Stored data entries

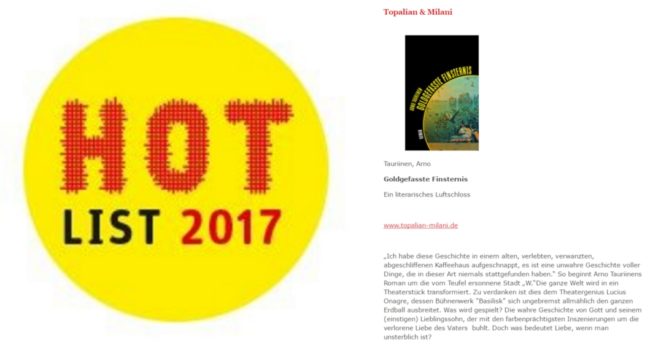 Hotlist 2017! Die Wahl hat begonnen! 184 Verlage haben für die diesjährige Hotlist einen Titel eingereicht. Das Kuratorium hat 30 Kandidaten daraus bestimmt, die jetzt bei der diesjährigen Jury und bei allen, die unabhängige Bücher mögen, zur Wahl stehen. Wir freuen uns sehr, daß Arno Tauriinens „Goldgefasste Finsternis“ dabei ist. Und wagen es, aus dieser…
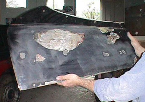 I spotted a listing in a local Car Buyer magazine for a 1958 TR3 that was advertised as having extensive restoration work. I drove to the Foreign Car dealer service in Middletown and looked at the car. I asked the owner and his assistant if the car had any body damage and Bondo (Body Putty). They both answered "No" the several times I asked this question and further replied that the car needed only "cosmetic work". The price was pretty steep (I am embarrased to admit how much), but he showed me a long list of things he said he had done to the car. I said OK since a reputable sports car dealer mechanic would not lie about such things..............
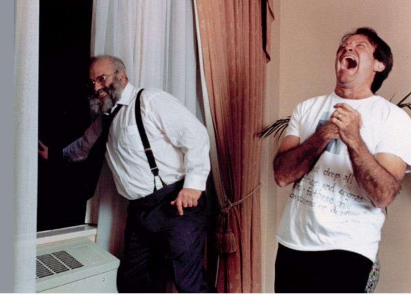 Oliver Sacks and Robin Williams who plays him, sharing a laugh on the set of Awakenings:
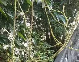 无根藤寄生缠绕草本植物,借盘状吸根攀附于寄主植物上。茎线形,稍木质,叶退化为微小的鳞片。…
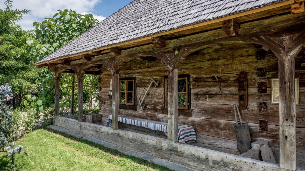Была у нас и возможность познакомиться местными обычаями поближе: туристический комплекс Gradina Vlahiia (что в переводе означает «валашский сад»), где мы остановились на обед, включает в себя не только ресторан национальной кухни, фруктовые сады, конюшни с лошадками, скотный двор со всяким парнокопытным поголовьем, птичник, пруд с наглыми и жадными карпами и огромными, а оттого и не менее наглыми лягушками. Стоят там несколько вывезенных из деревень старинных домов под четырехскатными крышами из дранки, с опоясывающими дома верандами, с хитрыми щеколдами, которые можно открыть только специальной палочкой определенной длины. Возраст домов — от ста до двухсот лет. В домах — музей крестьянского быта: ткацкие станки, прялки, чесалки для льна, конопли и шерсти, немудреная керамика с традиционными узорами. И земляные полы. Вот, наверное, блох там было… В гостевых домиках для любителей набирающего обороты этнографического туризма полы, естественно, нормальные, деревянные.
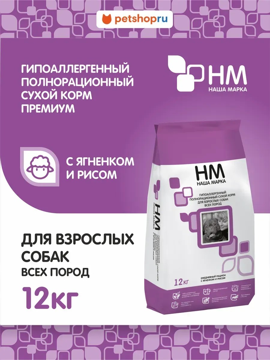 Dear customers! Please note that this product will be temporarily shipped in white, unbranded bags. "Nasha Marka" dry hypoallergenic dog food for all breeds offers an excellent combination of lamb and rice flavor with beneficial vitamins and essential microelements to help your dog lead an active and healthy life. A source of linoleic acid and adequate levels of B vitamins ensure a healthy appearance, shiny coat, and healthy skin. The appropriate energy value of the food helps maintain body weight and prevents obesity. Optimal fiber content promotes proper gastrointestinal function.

- **What to do**
Return all the entries word for word, but omit any pictures they contain.

- **Response to the task**
 Hotlist 2017! Die Wahl hat begonnen! 184 Verlage haben für die diesjährige Hotlist einen Titel eingereicht. Das Kuratorium hat 30 Kandidaten daraus bestimmt, die jetzt bei der diesjährigen Jury und bei allen, die unabhängige Bücher mögen, zur Wahl stehen. Wir freuen uns sehr, daß Arno Tauriinens „Goldgefasste Finsternis“ dabei ist. Und wagen es, aus dieser…
 I spotted a listing in a local Car Buyer magazine for a 1958 TR3 that was advertised as having extensive restoration work. I drove to the Foreign Car dealer service in Middletown and looked at the car. I asked the owner and his assistant if the car had any body damage and Bondo (Body Putty). They both answered "No" the several times I asked this question and further replied that the car needed only "cosmetic work". The price was pretty steep (I am embarrased to admit how much), but he showed me a long list of things he said he had done to the car. I said OK since a reputable sports car dealer mechanic would not lie about such things..............
 Oliver Sacks and Robin Williams who plays him, sharing a laugh on the set of Awakenings:
 无根藤寄生缠绕草本植物,借盘状吸根攀附于寄主植物上。茎线形,稍木质,叶退化为微小的鳞片。…
Была у нас и возможность познакомиться местными обычаями поближе: туристический комплекс Gradina Vlahiia (что в переводе означает «валашский сад»), где мы остановились на обед, включает в себя не только ресторан национальной кухни, фруктовые сады, конюшни с лошадками, скотный двор со всяким парнокопытным поголовьем, птичник, пруд с наглыми и жадными карпами и огромными, а оттого и не менее наглыми лягушками. Стоят там несколько вывезенных из деревень старинных домов под четырехскатными крышами из дранки, с опоясывающими дома верандами, с хитрыми щеколдами, которые можно открыть только специальной палочкой определенной длины. Возраст домов — от ста до двухсот лет. В домах — музей крестьянского быта: ткацкие станки, прялки, чесалки для льна, конопли и шерсти, немудреная керамика с традиционными узорами. И земляные полы. Вот, наверное, блох там было… В гостевых домиках для любителей набирающего обороты этнографического туризма полы, естественно, нормальные, деревянные.
 Dear customers! Please note that this product will be temporarily shipped in white, unbranded bags. "Nasha Marka" dry hypoallergenic dog food for all breeds offers an excellent combination of lamb and rice flavor with beneficial vitamins and essential microelements to help your dog lead an active and healthy life. A source of linoleic acid and adequate levels of B vitamins ensure a healthy appearance, shiny coat, and healthy skin. The appropriate energy value of the food helps maintain body weight and prevents obesity. Optimal fiber content promotes proper gastrointestinal function.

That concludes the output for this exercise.